De Xi’an à Tabriz. Octobre/novembre/décembre 2002 – mai/juin 2005.
« Kashgar au seuil de deux mondes ». 5/5.
Le marché est une mare de tons neutres. Le pelage et la fourrure des animaux : noir, gris, beige, brun, chamois, roux, écru, acajou. Les chapans, « manteaux », et les vestes des hommes : noir, gris, ardoise, bleu marine, marron. Les chapeaux et les casquettes : anthracite, noir, gris, beige, blanc cassé. Harnais, selles et colliers, de cuir et de fer : gris, châtain, acier, brun tabac. Le sable : ocre. Les palissades en bois. Les cordes : beige, blanc cassé.
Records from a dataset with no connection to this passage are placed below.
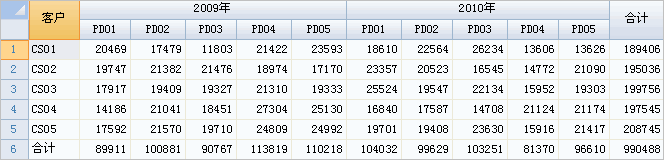 例如下图统计的是不同客户在每年订购各种产品的数量,有两个垂直分组,分别是年和产品: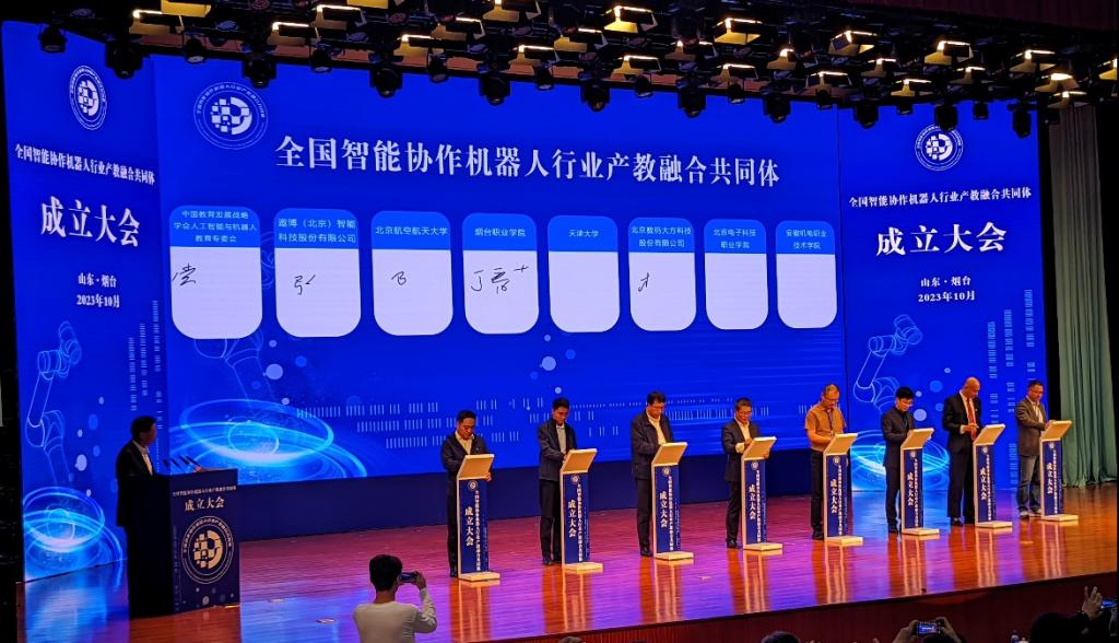 全国智能协作机器人行业产教融合共同体由遨博(北京)智能科技股份有限公司、北京航空航天大学、烟台职业学院牵头,联合30+所本科院校、80+所职业院校及100+家上下游产业链相关企业、行业协会、科研院所共同组建,其目的在于探索跨区域产教融合新途径,为智能协作机器人产业的发展提供技术和人才支撑。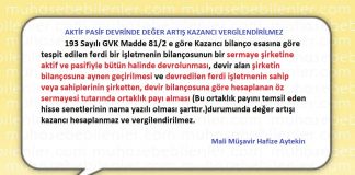 Etiket: AKTİF PASİF DEVRİNDE DEĞER ARTIŞ KAZANCI VERGİLENDİRİLMEZ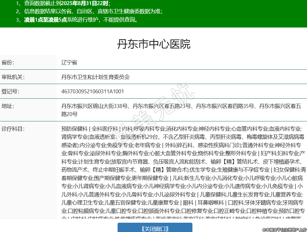 省份:遼寧省審批機(jī)關(guān):丹東市衛(wèi)生和計(jì)劃生育委員會登記號:46370309521060311A1001地址:丹東市振興區(qū)錦山大街338號、丹東市振興區(qū)春五路23號、丹東市振興區(qū)春四路35號、丹東市振興區(qū)春五路20號診療科目:預(yù)防保健科 | 全科醫(yī)療科 | 內(nèi)科;呼吸內(nèi)科專業(yè);消化內(nèi)科專業(yè);神經(jīng)內(nèi)科專業(yè);心血管內(nèi)科專業(yè);血液內(nèi)科專業(yè);腎病學(xué)專業(yè)(血液透析室:血液透析機(jī)29臺,不含乙型肝炎病毒、丙型肝炎病毒、梅毒螺旋體及艾滋病病毒感染者);內(nèi)分泌專業(yè);免疫學(xué)專業(yè);老年病專業(yè) | 外科(碎石科、感染性疾病科門診);普通外科專業(yè);神經(jīng)外科專業(yè);骨科專業(yè);泌尿外科專業(yè);胸外科專業(yè);心臟大血管外科專業(yè);燒傷科專業(yè);整形外科專業(yè) | 婦產(chǎn)科;婦科專業(yè);產(chǎn)科專業(yè);計(jì)劃生育專業(yè)(放取宮內(nèi)節(jié)育器、負(fù)壓吸宮人流和鉗刮術(shù)、輸卵【精】管結(jié)扎術(shù)、皮下埋植避孕術(shù)、藥物流產(chǎn)術(shù)、終止中期妊娠手術(shù)、輸卵【精】管吻合術(shù));優(yōu)生學(xué)專業(yè);生殖健康與不孕癥專業(yè) | 婦女保健科;青春期保健專業(yè);圍產(chǎn)期保健專業(yè);更年期保健專業(yè) | 兒科;新生兒專業(yè);小兒消化專業(yè);小兒呼吸專業(yè);小兒心臟病專業(yè);小兒腎病專業(yè);小兒血液病專業(yè);小兒神經(jīng)病學(xué)專業(yè);小兒內(nèi)分泌專業(yè);小兒遺傳病專業(yè);小兒免疫專業(yè) | 小兒外科;小兒普通外科專業(yè);小兒骨科專業(yè);小兒泌尿外科專業(yè) | 兒童保健科;兒童生長發(fā)育專業(yè);兒童營養(yǎng)專業(yè);兒童心理衛(wèi)生專業(yè);兒童五官保健專業(yè);兒童康復(fù)專業(yè) | 眼科 | 耳鼻咽喉科 | 口腔科;牙體牙髓病專業(yè);牙周病專業(yè);口腔粘膜病專業(yè);兒童口腔專業(yè);口腔頜面外科專業(yè);口腔修復(fù)專業(yè);口腔正畸專業(yè);口腔種植專業(yè);預(yù)防口腔專業(yè) | 皮膚科;皮膚病專業(yè);性傳播疾病專業(yè) | 醫(yī)療美容科;美容牙科;美容皮膚科 | 腫瘤科 | 急診醫(yī)學(xué)科 | 康復(fù)醫(yī)學(xué)科 | 麻醉科 | 疼痛科 | 重癥醫(yī)學(xué)科 | 醫(yī)學(xué)檢驗(yàn)科;臨床體液、血液專業(yè);臨床微生物學(xué)專業(yè);臨床化學(xué)檢驗(yàn)專業(yè);臨床免疫、血清學(xué)專業(yè);臨床細(xì)胞分子遺傳學(xué)專業(yè) | 病理科 | 醫(yī)學(xué)影像科;X線診斷專業(yè);CT診斷專業(yè);磁共振成像診斷專業(yè);核醫(yī)學(xué)專業(yè)(僅限診斷);超聲診斷專業(yè);心電診斷專業(yè);腦電及腦血流圖診斷專業(yè);神經(jīng)肌肉電圖專業(yè);介入放射學(xué)專業(yè);放射治療專業(yè) | 中醫(yī)科;內(nèi)科專業(yè);婦產(chǎn)科專業(yè);兒科專業(yè);口腔科專業(yè);針灸科專業(yè);推拿科專業(yè);康復(fù)醫(yī)學(xué)專業(yè)******級別:三級法定代表人:邢偉主要負(fù)責(zé)人:邢偉執(zhí)業(yè)許可證有效期:2011/03/01 -至- 2026/02/28 -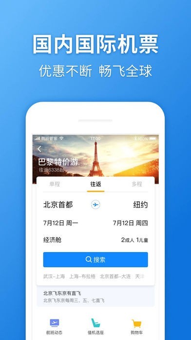 3、直销机票在线预订:票源来自各大航空公司,低价有保障。可随时随地退票、改签。

Les feuilles argentées des peupliers. Des teintes d’un monde sans prétention. Une palette de couleurs harmonieuses qui se détache contre un ciel limpide, bleu intense.
Les mets sont préparés sur place. Les effluves provenant des échoppes, de thé, de viandes, de pâtes, se mélangent, se marient, se découvrent. La viande est hachée, mélangée aux oignons, poivrons et aulx avant d’être cuite. L’huile bouillonne dans d’énormes poêles noires. Des brochettes d’agneau crépitent sur les braises des feux ouverts dégageant des nuages de fumée et l’odeur de la viande grillée et du cumin. Des pâtes sortent des marmites fumantes, des boulettes de viande flottent dans des sauces pimentées. De la pâte est malaxée avec de grands gestes, les laghmans voltigent dans les airs. Des bols de soupe aux nouilles sont remplis. Les nans, petits pains ronds, s’empilent sur de minuscules tables, du raisin vert et du melon tranché sont étalés à même le sol. Des gobelets de lait caillé rafraîchi avec de la glace pilée et des petits bols de thé brûlant circulent.
Autour de longues tables, baguettes en main, se mélangent jeunes en costume et béret et vieux à l’allure patriarcale. Un festin !
Et puis, dès le crépuscule, le calme revient. Les marchands rangent leurs étals, les bruits s’estompent. Hommes, femmes et enfants plient bagage et prennent le chemin de la maison, lourdement chargés. Les camions quittent la ville en crachant des nuages de fumées noires. Du haut d’un camion, deux vaches observent le défilé avec dédain. Des carrioles tirées par des chevaux manœuvrent entre piétons et cyclistes et des caravanes de petits ânes gris lourdement bâtés trottinent stoïquement sur le bord des routes pour rentrer à la campagne.
Les innombrables peupliers dessinent des ombres allongées sur le désert. Le ciel est voilé de poussière de sable en suspens et une atmosphère mélancolique s’abat sur Kashgar.